Vindo do diretor Ron Howard, responsável por levar às telas os Best Sellers “O Código Da Vinci” e “Anjos e Demônios”, esse filme, indicado a 5 Oscars, inclusive o de melhor filme, é puro luxo cinematográfico. Isso é típico de Ron, mas ele ainda não caiu em clichês ou repetições.O filme usa e abusa de bons diálogos, dentro de um roteiro impecável, aproveitando as grandes personagens – reais – que tem. Trilha sonora do aclamado Hans Zimmer – que, me perdoem se ele tem fãs, mas consegue ser mais repetido em número de créditos que o Morgan Freeman, a Kathy Bates ou o Alec Baldwin – também faz bonito. Mas é tanta qualidade – edição, figurino, interpretações, etc... – que nem dá pra citar todas em detalhes.

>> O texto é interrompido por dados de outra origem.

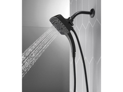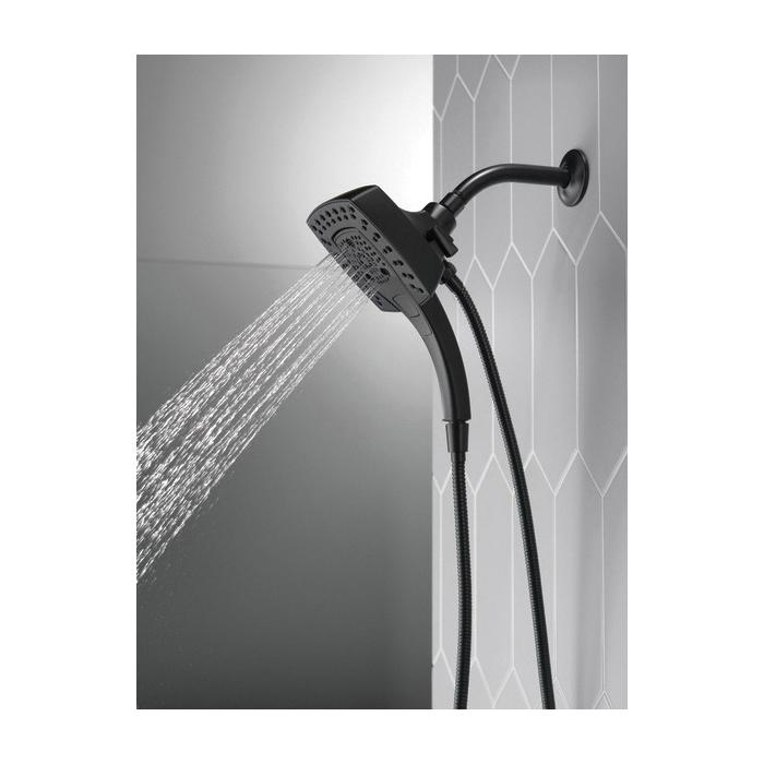 DELTA®, 58474-BL25, Shower Head and Hand Shower Combo, 2-in-1, In2ition® Collection, 2.5 gpm Flow Rate, 60 to 82 in Hose Length, H2Okinetic® PowerDrench®/Full Body/Massage/Shampoo Rinsing/Pause Spray, 80 psi Pressure, Metal Hose, Matte Black, 9-1/2 in L x 5-1/4 in W x 5-3/4 in H Dimensions, With Slide Bar: No, Import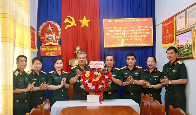 Mới đây, Đảng ủy, Ban Chỉ huy Phòng thủ Khu vực 2 - Phú Lợi/Bộ Tư lệnh TP HCM tổ chức Đoàn đến thăm, tặng hoa chúc mừng VKS Quân sự Khu vực 73 nhân kỷ niệm 50 năm Ngày truyền thống VKS Quân sự Quân khu 7 (17/12/1975 – 17/12/2025).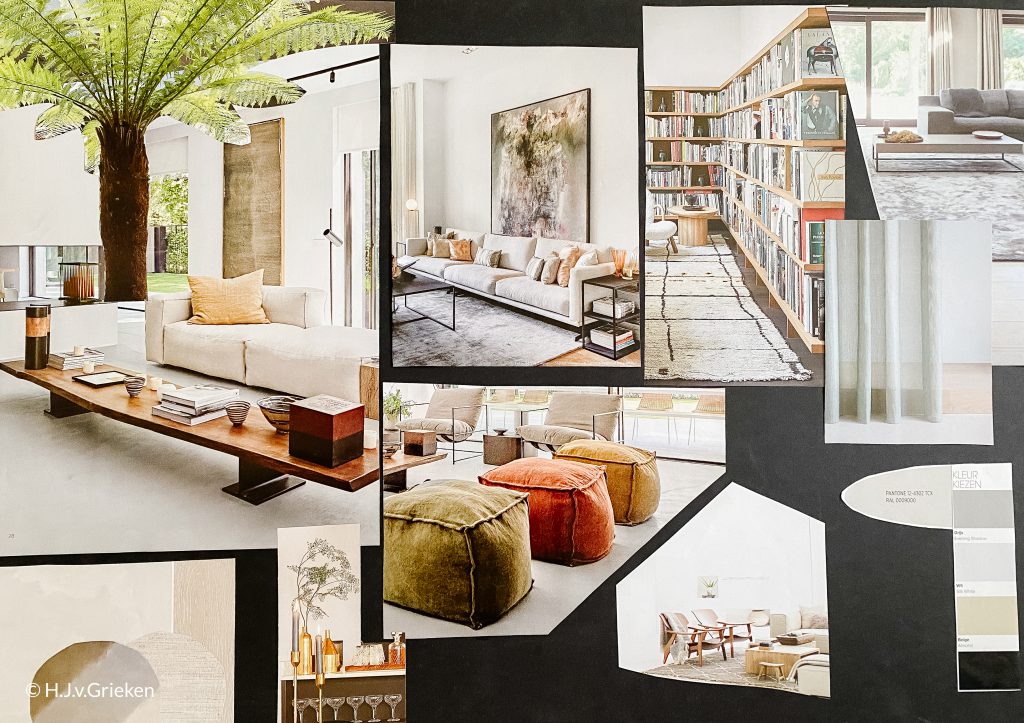 There is a difference between a mood board and a concept board. A concept board is more abstract and provides a frame for a later, more concrete, version. In the blog “How to make an interior design mood board” I explain more about this last version.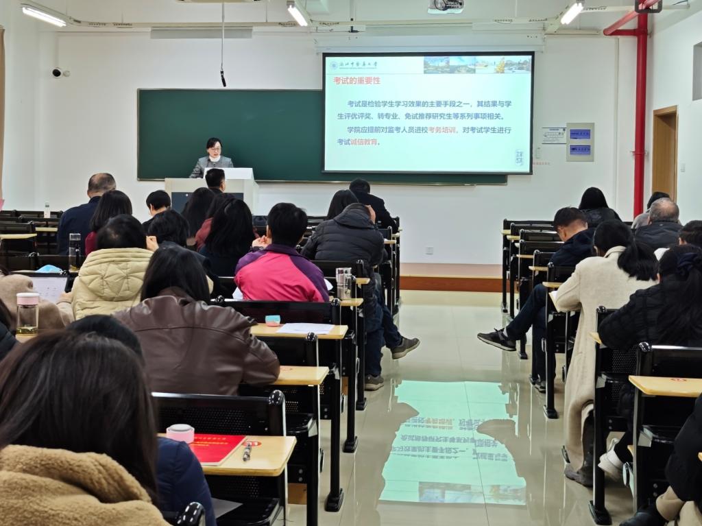 学院副院长张红霞就期末考务工作进行了部署。张院长结合近期学校考务工作通知要求,详细讲解了考试组织流程、监考职责、试卷规范及考风考纪建设等重点内容,要求全体教师高度重视、规范操作,确保期末各项考试工作平稳有序进行。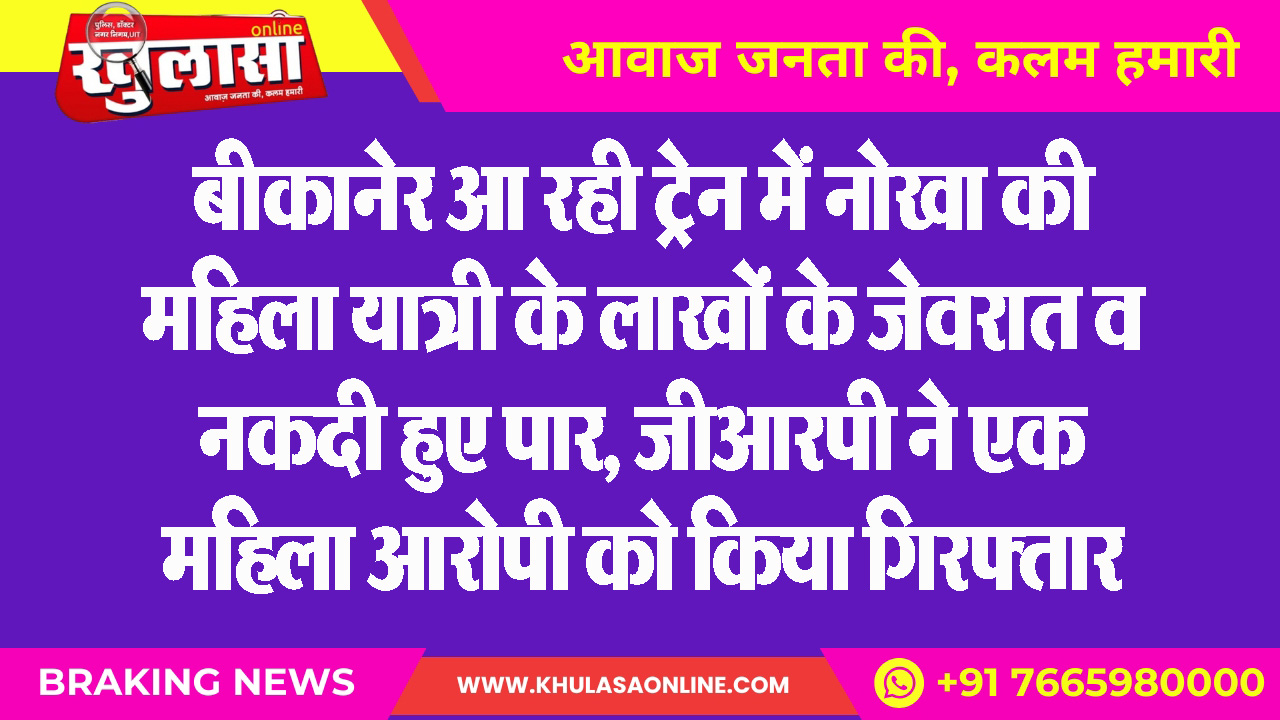 बीकानेर आ रही ट्रेन में नोखा की महिला यात्री के लाखों के जेवरात व नकदी हुए पार, जीआरपी ने एक महिला आरोपी को किया गिरफ्तार

Mas uma pessoa, em especial, protagoniza epicamente: Michael Sheen, que não teve a indicação a melhor ator, que foi pro parceiro Frank Langella, que merecia um pouco menos. Michael vem na pele do jornalista David Frost, que é muito carismático e, ao mesmo tempo, ambicioso. Só mais um injustiçado.
É um filme que merecia mais reconhecimento do público e da crítica, porque é uma espécie em extinção no mundo do cinema. Aplaudo de pé e dou 5 estrelas! [por Rodolfo Domingos]
É um filme que eu super indico.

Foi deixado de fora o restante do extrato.